:: Task details ::
Once you find the line below that has "의사는 발목이 삐면서", output it and every line after it exactly, stopping after the line that has "Freundlich adsorption isotherm", with no pictures.

:: Records to process ::
━━━━━━━━━━━━━━━━━━━━

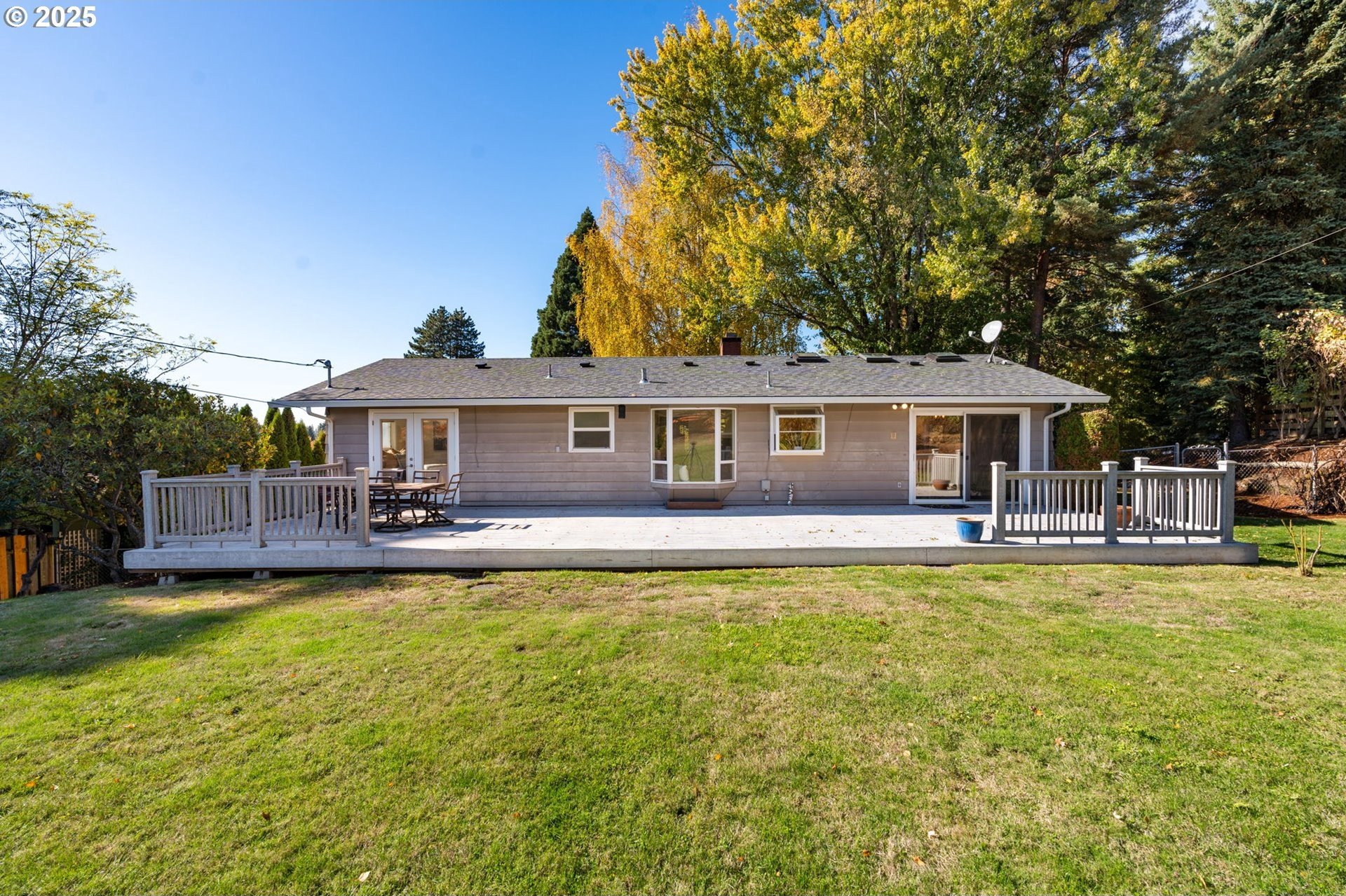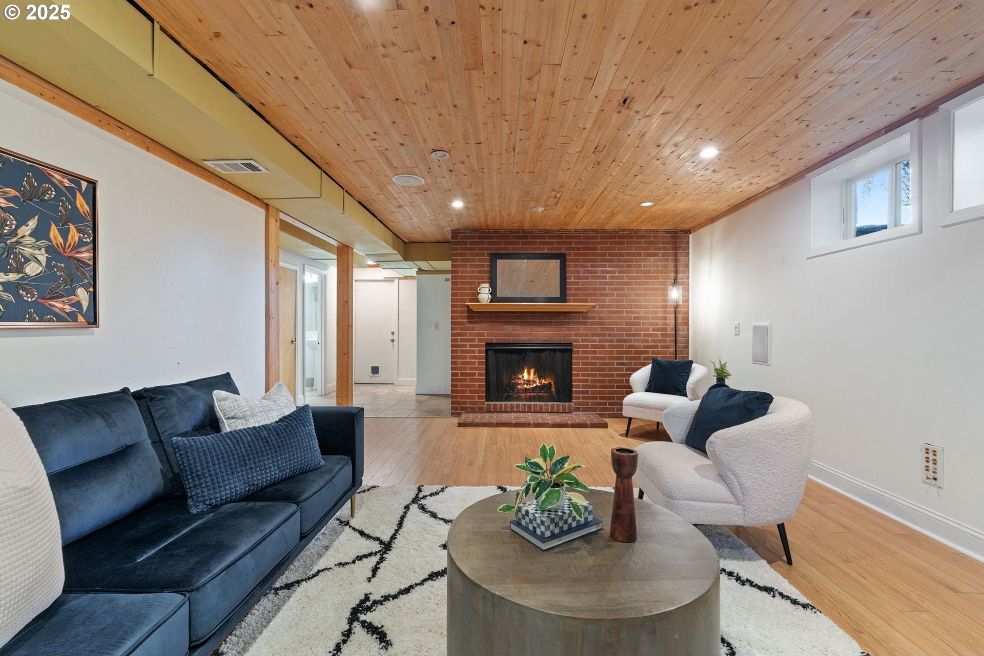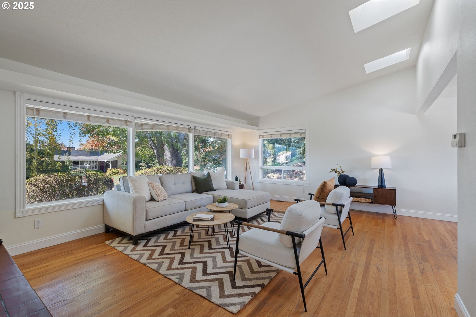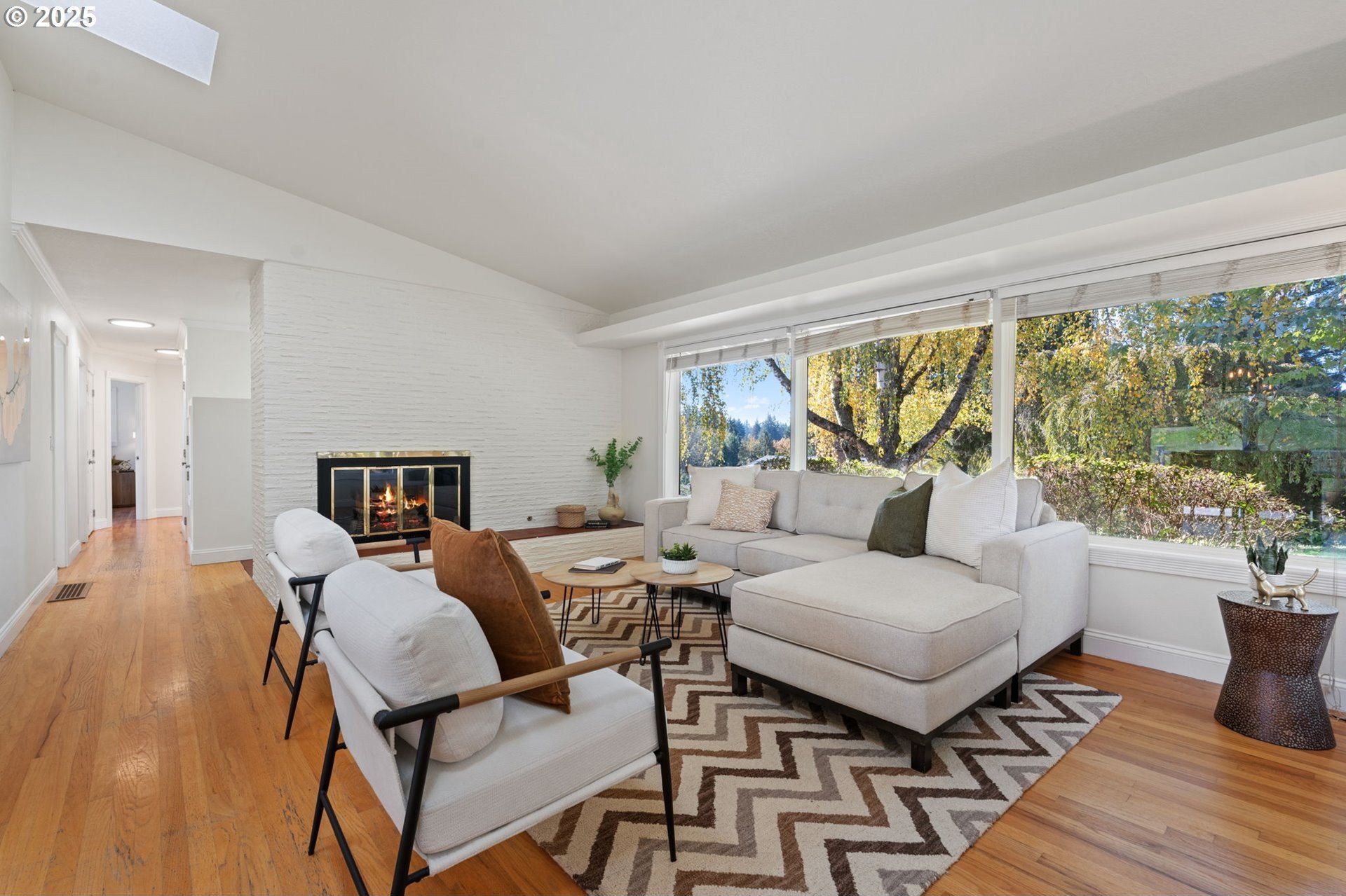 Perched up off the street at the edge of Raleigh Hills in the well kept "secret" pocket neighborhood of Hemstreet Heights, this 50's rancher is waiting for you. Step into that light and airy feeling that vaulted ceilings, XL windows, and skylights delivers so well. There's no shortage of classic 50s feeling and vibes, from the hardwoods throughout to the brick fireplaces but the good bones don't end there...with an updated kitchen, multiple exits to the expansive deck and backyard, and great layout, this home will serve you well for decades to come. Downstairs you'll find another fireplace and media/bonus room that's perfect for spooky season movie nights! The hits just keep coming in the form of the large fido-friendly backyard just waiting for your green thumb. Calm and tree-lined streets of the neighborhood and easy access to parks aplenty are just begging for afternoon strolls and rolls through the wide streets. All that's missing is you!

━━━━━━━━━━━━━━━━━━━━

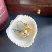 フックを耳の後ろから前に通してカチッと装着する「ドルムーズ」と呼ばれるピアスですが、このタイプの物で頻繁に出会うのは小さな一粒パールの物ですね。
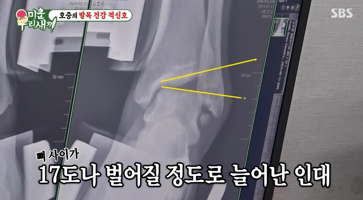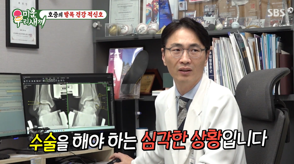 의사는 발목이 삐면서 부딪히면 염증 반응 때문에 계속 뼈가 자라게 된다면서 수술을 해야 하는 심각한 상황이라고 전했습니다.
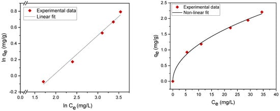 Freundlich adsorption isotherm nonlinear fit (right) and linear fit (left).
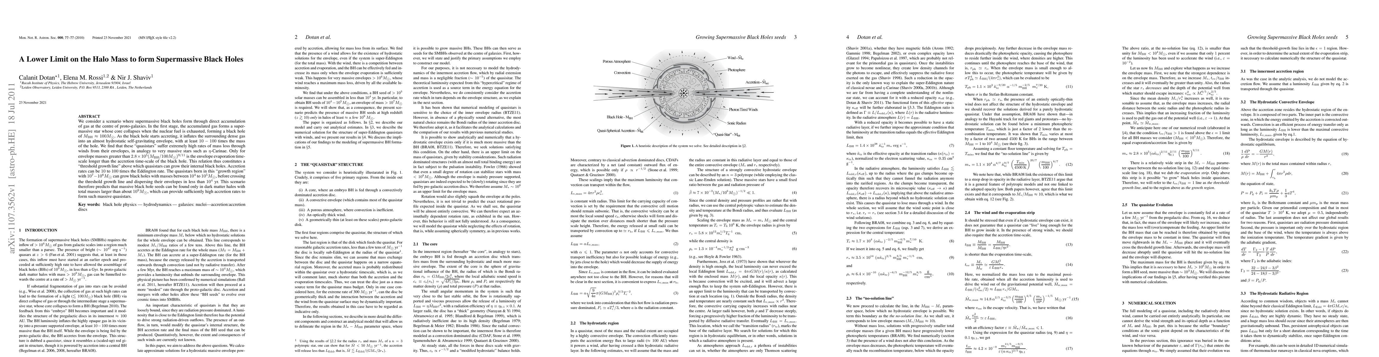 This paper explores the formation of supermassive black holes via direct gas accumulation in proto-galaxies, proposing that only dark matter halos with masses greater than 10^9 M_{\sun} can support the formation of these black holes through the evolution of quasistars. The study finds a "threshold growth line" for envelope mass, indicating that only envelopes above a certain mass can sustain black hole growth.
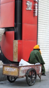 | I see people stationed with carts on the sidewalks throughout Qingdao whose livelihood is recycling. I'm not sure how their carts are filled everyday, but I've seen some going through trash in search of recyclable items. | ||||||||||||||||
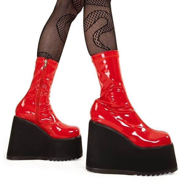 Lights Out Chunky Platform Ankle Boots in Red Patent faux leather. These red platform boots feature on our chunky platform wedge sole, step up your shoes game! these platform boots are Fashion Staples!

━━━━━━━━━━━━━━━━━━━━

:: Finished task ::
 의사는 발목이 삐면서 부딪히면 염증 반응 때문에 계속 뼈가 자라게 된다면서 수술을 해야 하는 심각한 상황이라고 전했습니다.
 Freundlich adsorption isotherm nonlinear fit (right) and linear fit (left).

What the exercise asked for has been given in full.